The `Handler` class is a [callable](https://en.wikipedia.org/wiki/Callable_object), you create a subclass off of this, instantiate it, and that's what you configure AWSλ to invoke.

Your `Handler` has to have a `perform(self, request)` method, this houses your handler's business logic, `Handler.__call__` executes this function and expects a `Response` object.

The `Response` object behaves like a dictionary, because AWSλ expects a handler to return a dictionary, your `Response` object is finally serialized as a `dict`.

The `request` argument in `perform(self, request)` is a `Request` object, and it houses the `event` and `context` parameters that AWSλ passes to your handler. Packaging those handler arguments into an object makes them available for transparent mutations, see [`aws_lambda.apig.APIGatewayRequest`](py-aws-lambda-handler/aws_lambda/apig/\_\_init\_\_.py) for reference.

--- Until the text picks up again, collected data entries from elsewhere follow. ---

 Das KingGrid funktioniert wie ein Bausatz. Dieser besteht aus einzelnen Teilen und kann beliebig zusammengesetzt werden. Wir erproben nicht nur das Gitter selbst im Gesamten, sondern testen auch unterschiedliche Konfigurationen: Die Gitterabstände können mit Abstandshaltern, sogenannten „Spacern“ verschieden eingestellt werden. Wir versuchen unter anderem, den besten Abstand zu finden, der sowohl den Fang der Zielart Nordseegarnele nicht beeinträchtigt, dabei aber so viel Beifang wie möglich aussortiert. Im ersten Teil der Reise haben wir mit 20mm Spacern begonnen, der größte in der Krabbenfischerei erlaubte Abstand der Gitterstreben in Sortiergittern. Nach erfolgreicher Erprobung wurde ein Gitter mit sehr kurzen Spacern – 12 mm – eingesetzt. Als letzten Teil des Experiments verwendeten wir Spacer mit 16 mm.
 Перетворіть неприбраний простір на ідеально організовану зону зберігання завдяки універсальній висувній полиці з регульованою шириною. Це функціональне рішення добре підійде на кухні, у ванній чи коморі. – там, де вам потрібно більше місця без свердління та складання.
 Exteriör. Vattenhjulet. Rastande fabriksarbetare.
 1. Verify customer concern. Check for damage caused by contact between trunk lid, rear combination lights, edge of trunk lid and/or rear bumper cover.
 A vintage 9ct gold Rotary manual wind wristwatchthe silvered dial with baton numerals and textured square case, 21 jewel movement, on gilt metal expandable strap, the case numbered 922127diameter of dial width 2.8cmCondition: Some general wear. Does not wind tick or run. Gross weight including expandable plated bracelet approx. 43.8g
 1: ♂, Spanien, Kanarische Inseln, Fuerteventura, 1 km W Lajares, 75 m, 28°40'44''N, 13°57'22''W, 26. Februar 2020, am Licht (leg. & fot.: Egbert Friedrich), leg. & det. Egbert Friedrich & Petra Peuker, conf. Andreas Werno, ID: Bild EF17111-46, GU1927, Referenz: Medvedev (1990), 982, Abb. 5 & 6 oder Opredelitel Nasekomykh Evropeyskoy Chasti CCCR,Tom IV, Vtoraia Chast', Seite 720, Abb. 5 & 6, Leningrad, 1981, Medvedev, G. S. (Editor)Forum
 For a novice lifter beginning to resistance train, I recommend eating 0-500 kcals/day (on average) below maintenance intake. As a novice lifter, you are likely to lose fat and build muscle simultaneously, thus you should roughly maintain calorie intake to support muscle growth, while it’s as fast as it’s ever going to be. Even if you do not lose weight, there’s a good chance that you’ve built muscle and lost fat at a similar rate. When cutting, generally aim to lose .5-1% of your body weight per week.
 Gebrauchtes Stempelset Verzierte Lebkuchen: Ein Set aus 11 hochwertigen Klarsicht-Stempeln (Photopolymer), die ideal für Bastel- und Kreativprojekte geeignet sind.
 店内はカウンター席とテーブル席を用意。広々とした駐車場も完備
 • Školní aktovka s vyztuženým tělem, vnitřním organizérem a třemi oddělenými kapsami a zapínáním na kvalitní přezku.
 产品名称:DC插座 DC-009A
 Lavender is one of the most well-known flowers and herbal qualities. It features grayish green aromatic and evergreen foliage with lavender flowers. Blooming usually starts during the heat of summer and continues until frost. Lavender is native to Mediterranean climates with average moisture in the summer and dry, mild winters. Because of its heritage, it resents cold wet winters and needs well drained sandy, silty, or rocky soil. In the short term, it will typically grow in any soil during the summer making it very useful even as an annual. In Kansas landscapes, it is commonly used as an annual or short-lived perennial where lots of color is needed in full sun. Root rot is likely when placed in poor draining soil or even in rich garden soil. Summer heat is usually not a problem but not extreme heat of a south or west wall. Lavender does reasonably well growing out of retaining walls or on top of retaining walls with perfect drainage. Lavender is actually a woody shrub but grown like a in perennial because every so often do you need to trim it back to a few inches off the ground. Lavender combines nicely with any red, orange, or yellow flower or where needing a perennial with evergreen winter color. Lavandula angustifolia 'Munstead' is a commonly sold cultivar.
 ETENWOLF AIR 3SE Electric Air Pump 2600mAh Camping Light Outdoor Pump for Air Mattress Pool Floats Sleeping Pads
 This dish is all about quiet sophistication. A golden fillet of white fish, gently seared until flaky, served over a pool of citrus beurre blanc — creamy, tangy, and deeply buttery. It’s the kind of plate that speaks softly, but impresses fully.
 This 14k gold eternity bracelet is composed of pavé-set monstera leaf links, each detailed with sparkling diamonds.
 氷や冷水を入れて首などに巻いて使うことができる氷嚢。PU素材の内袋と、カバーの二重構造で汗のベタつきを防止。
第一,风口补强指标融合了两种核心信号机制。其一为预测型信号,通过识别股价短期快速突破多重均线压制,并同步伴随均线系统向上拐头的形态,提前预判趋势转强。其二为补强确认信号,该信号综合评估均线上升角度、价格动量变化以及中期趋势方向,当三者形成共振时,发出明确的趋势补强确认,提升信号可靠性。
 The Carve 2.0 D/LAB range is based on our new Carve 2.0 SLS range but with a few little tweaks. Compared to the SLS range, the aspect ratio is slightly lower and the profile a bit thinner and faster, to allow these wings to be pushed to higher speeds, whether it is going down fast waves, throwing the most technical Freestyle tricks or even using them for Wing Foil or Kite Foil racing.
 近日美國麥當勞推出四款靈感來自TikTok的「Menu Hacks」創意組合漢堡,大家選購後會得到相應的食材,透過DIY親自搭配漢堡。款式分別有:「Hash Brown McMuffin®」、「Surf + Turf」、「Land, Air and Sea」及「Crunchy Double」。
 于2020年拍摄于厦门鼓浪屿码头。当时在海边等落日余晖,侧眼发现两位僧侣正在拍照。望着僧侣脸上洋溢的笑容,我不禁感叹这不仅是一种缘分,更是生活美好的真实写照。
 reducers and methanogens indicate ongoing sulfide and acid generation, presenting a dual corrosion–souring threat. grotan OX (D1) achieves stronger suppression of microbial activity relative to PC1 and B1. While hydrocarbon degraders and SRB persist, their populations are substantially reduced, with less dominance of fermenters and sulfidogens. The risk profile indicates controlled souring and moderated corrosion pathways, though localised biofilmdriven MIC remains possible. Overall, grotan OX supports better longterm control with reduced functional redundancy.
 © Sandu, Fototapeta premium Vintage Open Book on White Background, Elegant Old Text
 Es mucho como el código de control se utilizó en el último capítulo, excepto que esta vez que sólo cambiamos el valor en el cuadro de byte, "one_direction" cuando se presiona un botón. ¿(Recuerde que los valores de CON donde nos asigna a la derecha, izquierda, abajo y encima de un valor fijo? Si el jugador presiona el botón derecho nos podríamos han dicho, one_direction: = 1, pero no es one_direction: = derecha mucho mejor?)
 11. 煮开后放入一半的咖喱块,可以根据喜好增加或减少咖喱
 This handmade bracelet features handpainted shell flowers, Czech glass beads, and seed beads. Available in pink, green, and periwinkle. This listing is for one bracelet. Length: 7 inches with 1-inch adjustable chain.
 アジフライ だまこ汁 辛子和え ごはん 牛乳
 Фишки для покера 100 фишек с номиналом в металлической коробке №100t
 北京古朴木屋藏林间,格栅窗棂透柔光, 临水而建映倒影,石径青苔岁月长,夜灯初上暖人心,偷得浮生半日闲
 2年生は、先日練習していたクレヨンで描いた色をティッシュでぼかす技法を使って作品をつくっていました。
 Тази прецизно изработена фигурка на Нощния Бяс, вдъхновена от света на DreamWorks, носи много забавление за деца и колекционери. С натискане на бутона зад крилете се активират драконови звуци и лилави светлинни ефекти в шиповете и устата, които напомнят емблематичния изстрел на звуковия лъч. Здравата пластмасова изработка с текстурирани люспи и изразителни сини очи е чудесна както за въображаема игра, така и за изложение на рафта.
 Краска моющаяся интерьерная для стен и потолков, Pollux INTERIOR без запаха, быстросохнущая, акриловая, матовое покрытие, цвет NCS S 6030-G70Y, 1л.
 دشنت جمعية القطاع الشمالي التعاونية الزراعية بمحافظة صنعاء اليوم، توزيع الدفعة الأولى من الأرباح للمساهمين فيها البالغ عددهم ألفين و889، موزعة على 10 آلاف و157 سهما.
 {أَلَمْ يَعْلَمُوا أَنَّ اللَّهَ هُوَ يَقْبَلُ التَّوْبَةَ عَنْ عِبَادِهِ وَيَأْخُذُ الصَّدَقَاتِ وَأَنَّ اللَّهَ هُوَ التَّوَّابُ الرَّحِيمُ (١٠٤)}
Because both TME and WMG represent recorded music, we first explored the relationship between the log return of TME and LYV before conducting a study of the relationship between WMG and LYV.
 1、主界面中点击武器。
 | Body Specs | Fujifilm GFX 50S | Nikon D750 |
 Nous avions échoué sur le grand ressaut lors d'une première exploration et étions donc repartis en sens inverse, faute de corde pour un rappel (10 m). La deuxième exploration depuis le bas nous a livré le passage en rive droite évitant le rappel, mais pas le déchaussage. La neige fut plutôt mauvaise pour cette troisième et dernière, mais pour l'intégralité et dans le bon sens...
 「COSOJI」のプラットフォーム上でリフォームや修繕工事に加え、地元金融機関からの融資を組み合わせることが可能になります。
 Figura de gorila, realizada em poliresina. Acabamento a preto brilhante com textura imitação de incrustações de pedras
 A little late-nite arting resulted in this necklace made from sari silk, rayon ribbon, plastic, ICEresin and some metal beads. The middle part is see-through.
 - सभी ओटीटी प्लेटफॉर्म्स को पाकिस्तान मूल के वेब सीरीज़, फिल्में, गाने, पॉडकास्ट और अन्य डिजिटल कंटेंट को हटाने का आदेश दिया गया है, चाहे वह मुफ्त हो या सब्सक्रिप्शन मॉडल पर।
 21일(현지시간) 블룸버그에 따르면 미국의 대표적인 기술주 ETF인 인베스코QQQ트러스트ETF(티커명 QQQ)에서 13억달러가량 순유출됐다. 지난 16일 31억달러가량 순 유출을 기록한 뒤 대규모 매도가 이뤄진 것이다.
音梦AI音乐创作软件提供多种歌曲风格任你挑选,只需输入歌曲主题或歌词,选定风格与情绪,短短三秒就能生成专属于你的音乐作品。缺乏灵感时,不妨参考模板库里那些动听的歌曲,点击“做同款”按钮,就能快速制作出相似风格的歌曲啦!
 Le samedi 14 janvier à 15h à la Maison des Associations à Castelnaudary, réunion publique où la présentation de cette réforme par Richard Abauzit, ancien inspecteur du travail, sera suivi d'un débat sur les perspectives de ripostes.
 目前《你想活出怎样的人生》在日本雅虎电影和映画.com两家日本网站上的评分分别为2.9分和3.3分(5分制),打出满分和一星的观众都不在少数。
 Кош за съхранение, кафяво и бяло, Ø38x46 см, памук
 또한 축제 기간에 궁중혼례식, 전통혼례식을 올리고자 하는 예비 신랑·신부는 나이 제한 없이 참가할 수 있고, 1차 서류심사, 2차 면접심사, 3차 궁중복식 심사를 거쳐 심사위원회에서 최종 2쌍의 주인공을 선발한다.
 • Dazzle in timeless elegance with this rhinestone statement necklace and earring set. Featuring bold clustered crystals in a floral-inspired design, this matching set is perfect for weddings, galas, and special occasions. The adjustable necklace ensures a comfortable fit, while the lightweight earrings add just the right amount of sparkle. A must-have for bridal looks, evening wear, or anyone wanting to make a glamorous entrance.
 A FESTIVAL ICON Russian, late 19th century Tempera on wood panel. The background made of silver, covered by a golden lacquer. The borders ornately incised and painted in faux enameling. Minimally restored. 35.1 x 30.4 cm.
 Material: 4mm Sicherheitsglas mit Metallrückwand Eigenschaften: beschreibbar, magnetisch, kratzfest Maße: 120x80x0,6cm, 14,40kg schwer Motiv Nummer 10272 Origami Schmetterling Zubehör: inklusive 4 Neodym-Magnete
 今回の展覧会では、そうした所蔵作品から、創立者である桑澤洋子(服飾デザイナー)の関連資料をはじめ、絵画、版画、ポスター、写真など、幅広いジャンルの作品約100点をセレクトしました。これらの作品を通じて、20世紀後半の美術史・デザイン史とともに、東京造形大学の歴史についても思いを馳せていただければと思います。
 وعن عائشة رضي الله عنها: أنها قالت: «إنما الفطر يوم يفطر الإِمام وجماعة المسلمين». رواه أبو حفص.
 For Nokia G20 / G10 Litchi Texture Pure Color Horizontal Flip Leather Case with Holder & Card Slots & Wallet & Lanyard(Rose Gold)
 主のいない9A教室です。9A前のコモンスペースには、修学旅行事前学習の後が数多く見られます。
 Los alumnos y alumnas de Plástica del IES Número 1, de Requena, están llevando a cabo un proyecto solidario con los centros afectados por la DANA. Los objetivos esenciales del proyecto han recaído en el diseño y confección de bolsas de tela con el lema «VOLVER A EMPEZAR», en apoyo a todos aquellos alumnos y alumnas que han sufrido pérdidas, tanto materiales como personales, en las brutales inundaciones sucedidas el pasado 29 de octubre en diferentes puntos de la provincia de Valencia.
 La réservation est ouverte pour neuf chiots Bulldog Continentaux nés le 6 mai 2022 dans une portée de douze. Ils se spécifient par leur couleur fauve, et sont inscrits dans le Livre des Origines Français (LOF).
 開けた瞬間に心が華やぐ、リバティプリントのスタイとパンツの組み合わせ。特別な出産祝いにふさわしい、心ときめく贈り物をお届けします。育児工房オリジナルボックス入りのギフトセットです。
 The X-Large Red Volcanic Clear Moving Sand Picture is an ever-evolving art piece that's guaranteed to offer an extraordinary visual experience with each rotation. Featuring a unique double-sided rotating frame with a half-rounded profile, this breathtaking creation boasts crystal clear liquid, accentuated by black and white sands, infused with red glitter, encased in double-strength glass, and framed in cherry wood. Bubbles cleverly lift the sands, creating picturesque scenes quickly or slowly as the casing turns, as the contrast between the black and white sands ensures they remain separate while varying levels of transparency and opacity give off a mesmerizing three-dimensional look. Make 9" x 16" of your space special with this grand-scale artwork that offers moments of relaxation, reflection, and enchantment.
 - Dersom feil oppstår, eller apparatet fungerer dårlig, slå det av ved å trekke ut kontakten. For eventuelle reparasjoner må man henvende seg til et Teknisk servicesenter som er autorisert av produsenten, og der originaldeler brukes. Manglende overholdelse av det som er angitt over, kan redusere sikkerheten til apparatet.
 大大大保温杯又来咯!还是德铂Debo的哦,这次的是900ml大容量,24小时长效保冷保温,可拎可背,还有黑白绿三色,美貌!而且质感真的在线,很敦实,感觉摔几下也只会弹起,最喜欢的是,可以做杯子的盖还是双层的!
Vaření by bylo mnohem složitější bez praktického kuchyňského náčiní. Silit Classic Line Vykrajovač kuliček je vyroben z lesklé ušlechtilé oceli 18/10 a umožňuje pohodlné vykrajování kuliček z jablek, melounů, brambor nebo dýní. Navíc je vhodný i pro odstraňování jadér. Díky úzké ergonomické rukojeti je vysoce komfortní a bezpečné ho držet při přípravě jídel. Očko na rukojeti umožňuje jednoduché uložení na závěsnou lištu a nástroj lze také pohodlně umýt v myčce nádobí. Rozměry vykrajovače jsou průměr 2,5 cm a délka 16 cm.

The foundation of this library is tiny, I recommend reviewing the [main classes](py-aws-lambda-handler/aws_lambda/__init__.py) to further understand how to use this package.

### Usage

```
pip install aws-lambda-handler
```

```python
import aws_lambda

class EchoHandler(aws_lambda.Handler):
    """Echo handler."""

    def perform(self, request, **k):
        """Echo perform method."""
        response = aws_lambda.Response()
        response.body = self.request.event
        return response

echo_handler = EchoHandler()

# `echo_handler` is now a callable function you can map your AWS Lambda function to
```

### Develop

Fork this library and send over PRs, I will consider applications for contributors if two of your PRs gets merged and published.

```
pipenv sync --dev # setup
pipenv run pytest # test
```

### Supported Event Sources

- [x] API Gateway `aws_lambda.apig`
- [ ] S3
- [ ] DynamoDB
- [ ] SNS
- [ ] SES
- [ ] SQS
- [ ] Cognito
- [ ] Cloudwatch Logs, Events

#### Help

We want support for more event sources, I am willing to entertain PRs. You can use the `aws_lambda.apig` submodule as an example of implementing more event sources.